### MATERIAL SHOWN:
***

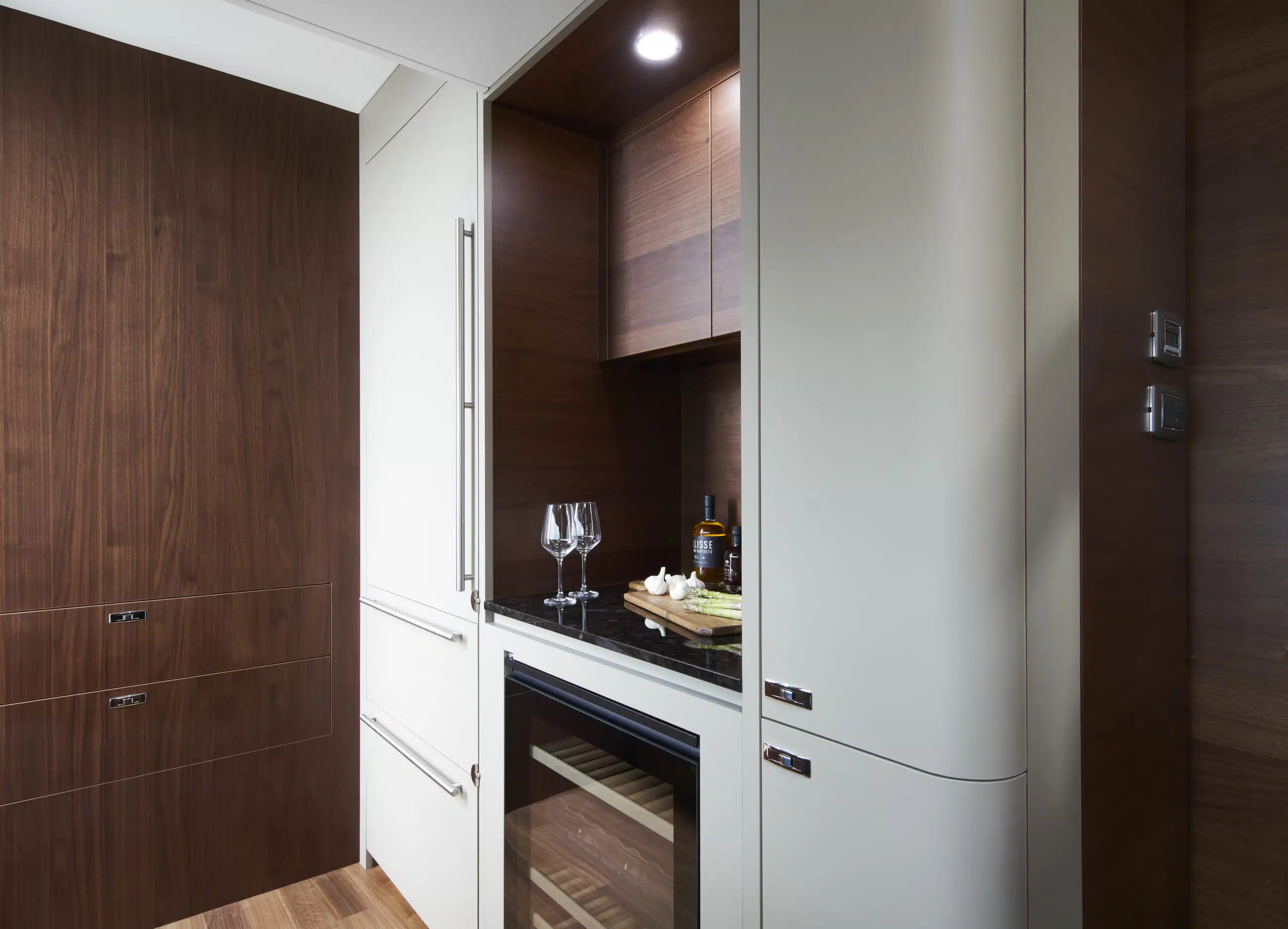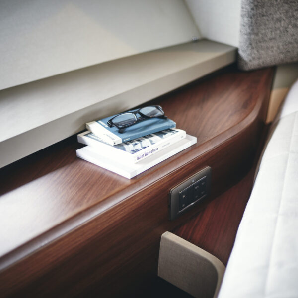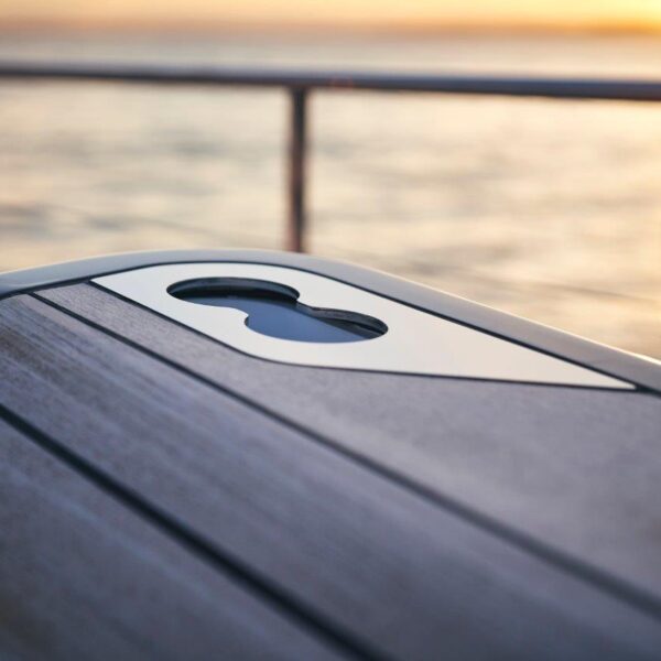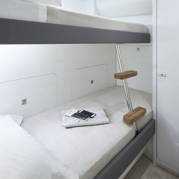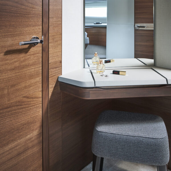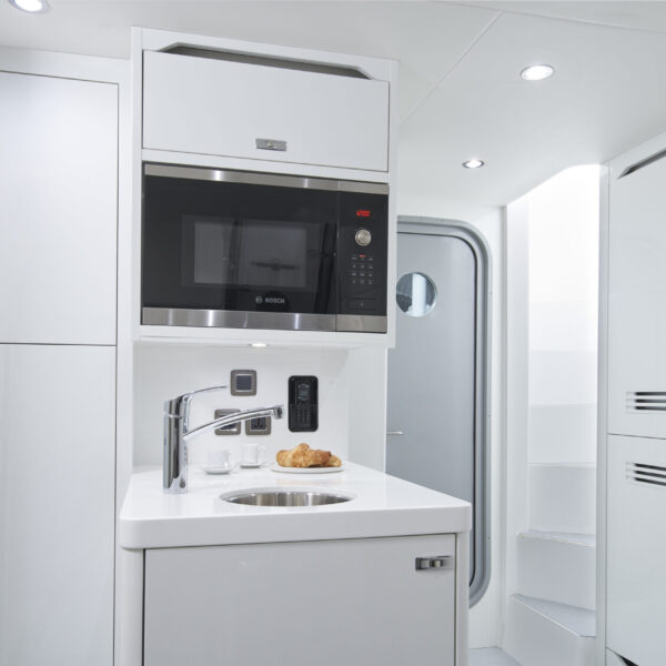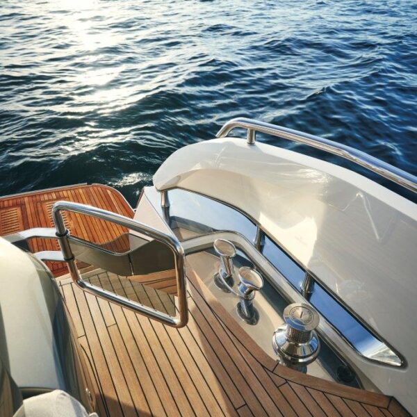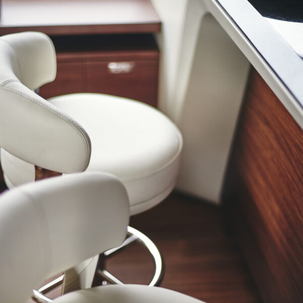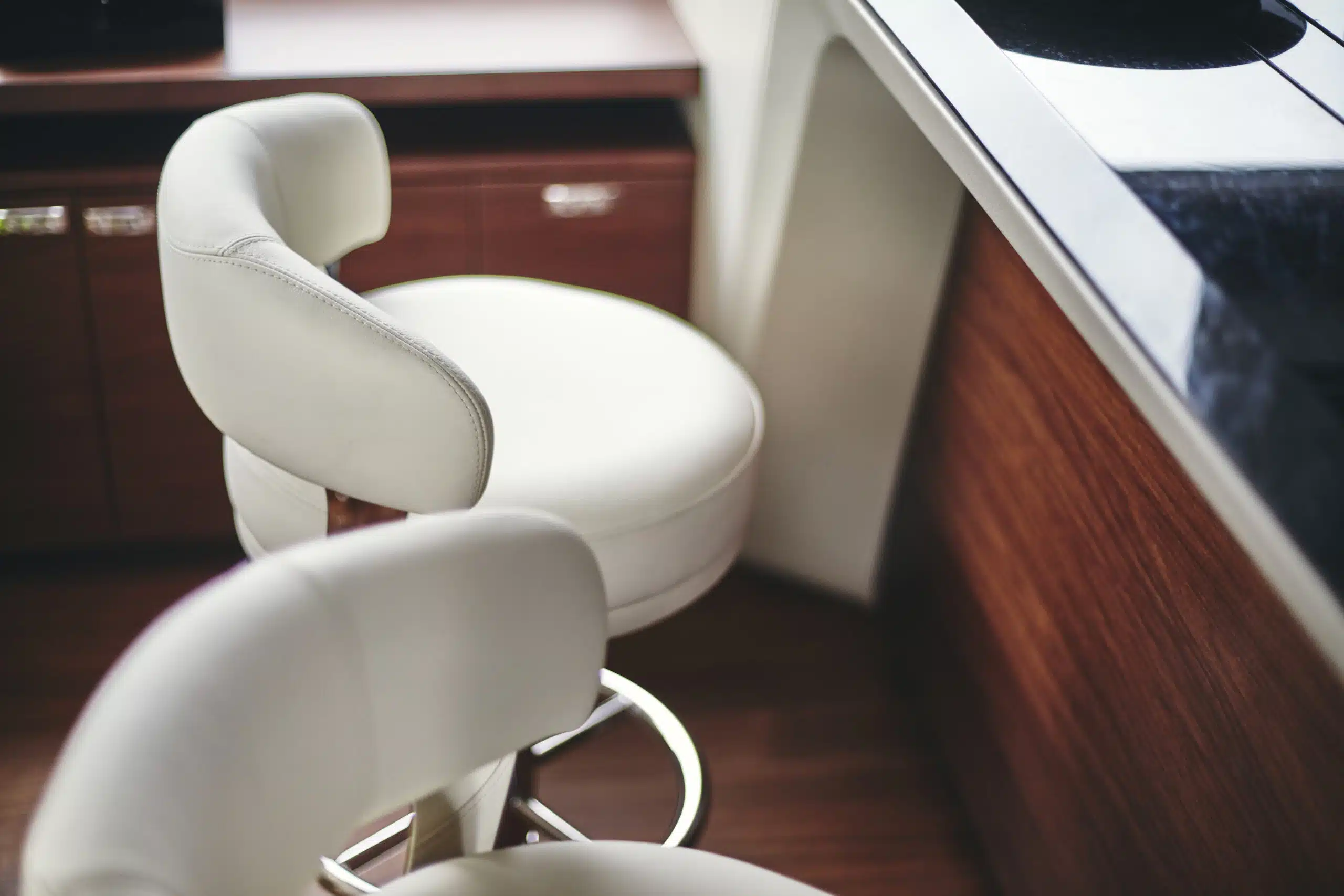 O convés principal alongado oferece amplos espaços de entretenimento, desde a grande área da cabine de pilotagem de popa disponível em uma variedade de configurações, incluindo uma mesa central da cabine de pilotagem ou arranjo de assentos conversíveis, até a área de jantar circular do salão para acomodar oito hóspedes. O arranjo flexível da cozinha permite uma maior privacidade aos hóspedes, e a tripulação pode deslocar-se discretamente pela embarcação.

***

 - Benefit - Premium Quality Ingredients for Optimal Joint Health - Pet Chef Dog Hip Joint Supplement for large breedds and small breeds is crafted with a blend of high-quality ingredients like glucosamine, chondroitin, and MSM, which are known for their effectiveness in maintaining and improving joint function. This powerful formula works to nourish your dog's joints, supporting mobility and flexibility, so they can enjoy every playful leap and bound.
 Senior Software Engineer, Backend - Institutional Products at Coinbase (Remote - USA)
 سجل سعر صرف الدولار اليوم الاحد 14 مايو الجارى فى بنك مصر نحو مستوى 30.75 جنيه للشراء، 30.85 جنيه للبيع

***

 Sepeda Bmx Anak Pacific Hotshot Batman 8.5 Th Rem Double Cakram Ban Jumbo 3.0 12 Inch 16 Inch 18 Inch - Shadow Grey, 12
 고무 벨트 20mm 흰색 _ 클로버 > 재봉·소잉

***

### EXERCISE REQUIREMENTS:
Copy the entries above exactly, but only from the line holding "Sepeda Bmx Anak" through the line holding "고무 벨트 20mm 흰색 _ 클로버 > 재봉·소잉", both included.

### ANSWER TO THE EXERCISE:
 Sepeda Bmx Anak Pacific Hotshot Batman 8.5 Th Rem Double Cakram Ban Jumbo 3.0 12 Inch 16 Inch 18 Inch - Shadow Grey, 12
 고무 벨트 20mm 흰색 _ 클로버 > 재봉·소잉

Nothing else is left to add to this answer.